§ Task to complete: From the first line of the data below through the line holding "(PLO)- 21/54 bị", output each line exactly and leave the pictures out.

§ Data below:
......

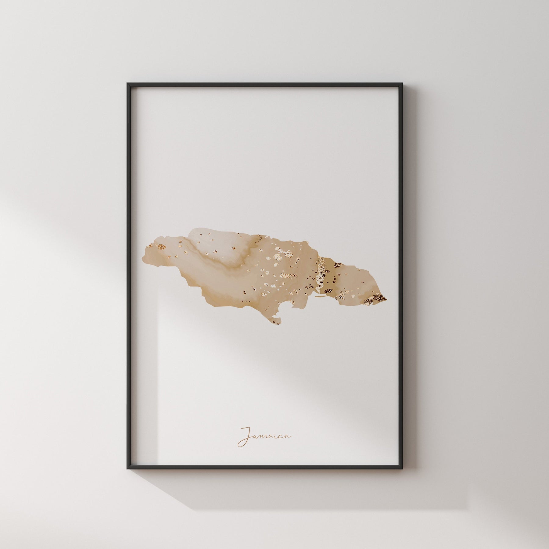 Jamaica Map Beige & Gold Wall Art Print
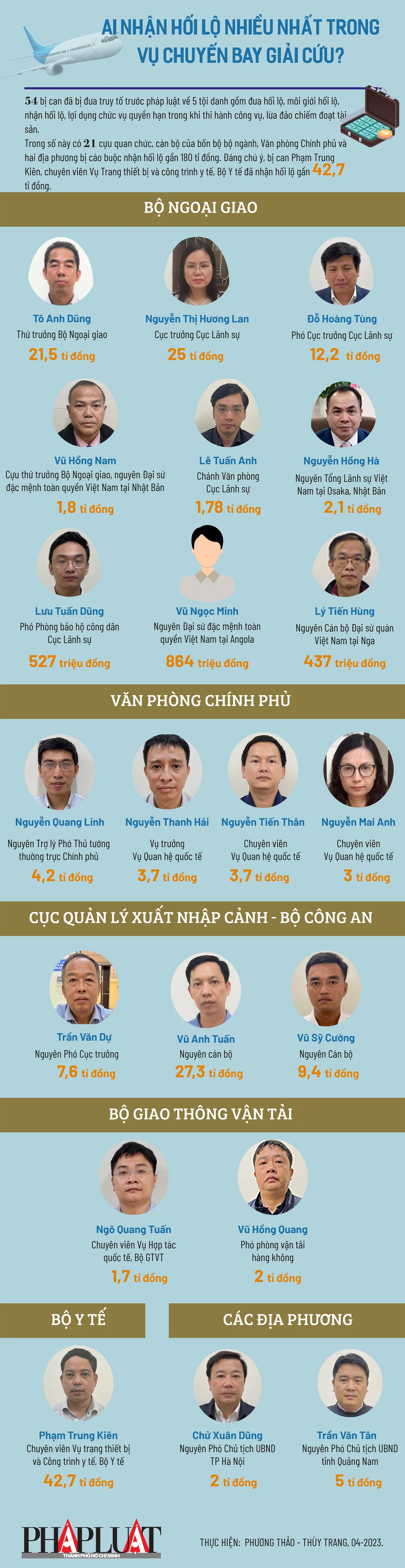 (PLO)- 21/54 bị can là cựu quan chức, cán bộ của bốn bộ ngành, Văn phòng Chính phủ và các địa phương bị cáo buộc nhận hối lộ gần 180 tỉ đồng trong vụ chuyến bay giải cứu.
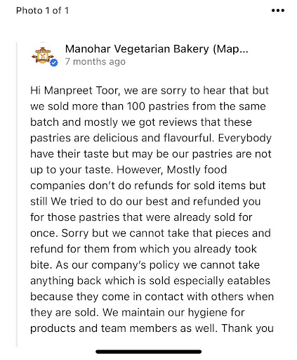 Read moreWorst cake i have ever tasted. So, i customized cake from this Manohar bakery for my husband. They charged me $50.00 for that also drove 30 mins to pickup this disgusting cake. When we tasted the cake it tasted like food colouring( supposed to be a pineapple cake). The centre was not sweet enough and little dry. I called the shop to complaint about it. They said every person’s taste buds are unique( so informative by the way) and nothing’s wrong with that cake. When i asked them how they were going to fix the problem they said the cake was non- refundable and nothing can be done. On top of everything they hung up on me, so unprofessional. I would never recommend this bakery to anyone. Honestly ruined my day. I wish i had gone to some other bakery. I literally wasted so much time resenting myself for choosing them and not to forget wastage of food. Well i hope it made them happy. I wanted to go back and throw that cake back in the shop but then my husband told me its pointless. These kind of people are shameless. Well learnt my lesson, never recommending this...
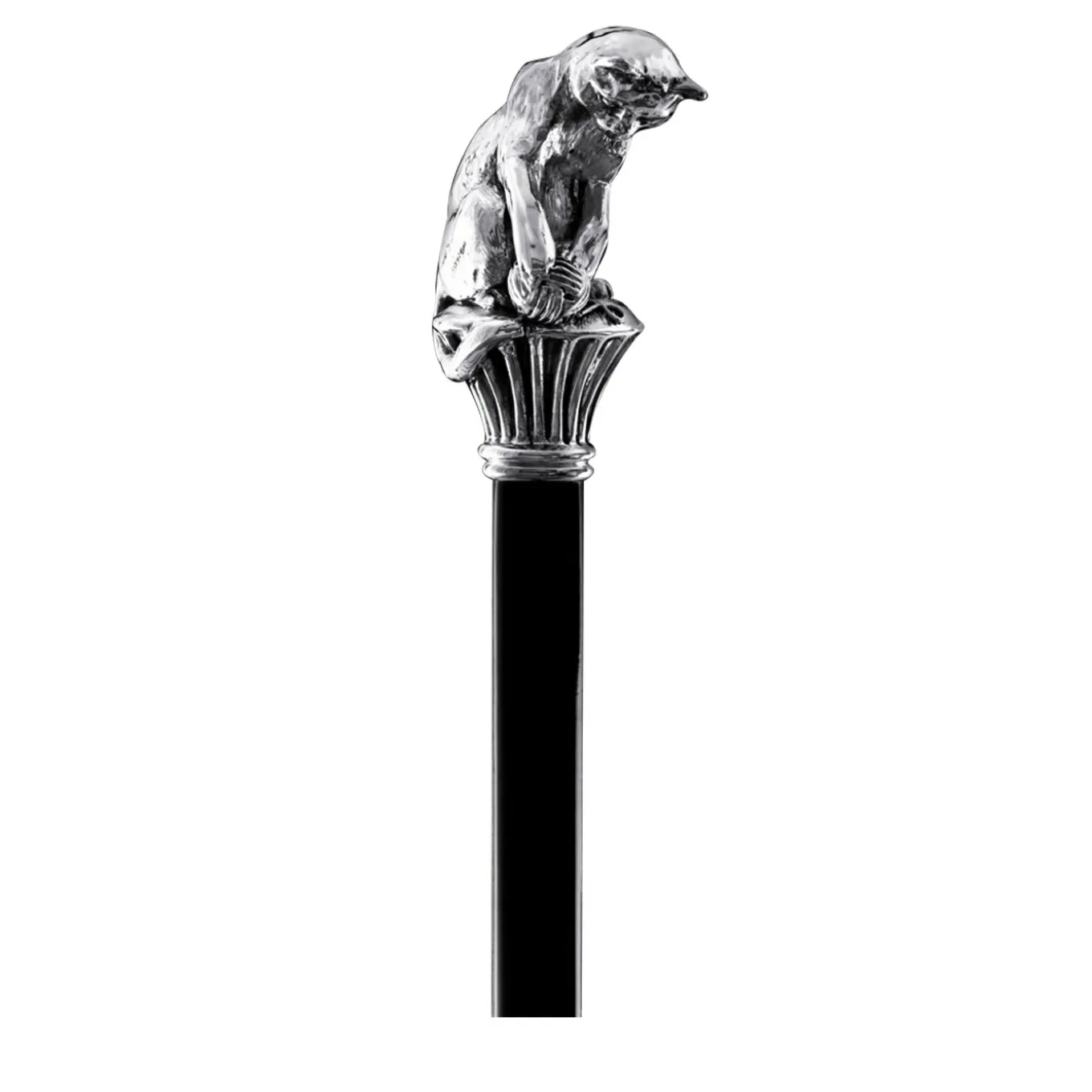 Characterized by an elegant and classic design, this stick features a metal handle richly decorated with elegant patterns embossed on the surface. The conical shaft of this sophisticated accessory is crafted in gloss black beech wood and has a silver-plated brass tip with protective rubber end. This is a collectible item, not to be used for walking.

......

§ Result of the exercise:
 Jamaica Map Beige & Gold Wall Art Print
 (PLO)- 21/54 bị can là cựu quan chức, cán bộ của bốn bộ ngành, Văn phòng Chính phủ và các địa phương bị cáo buộc nhận hối lộ gần 180 tỉ đồng trong vụ chuyến bay giải cứu.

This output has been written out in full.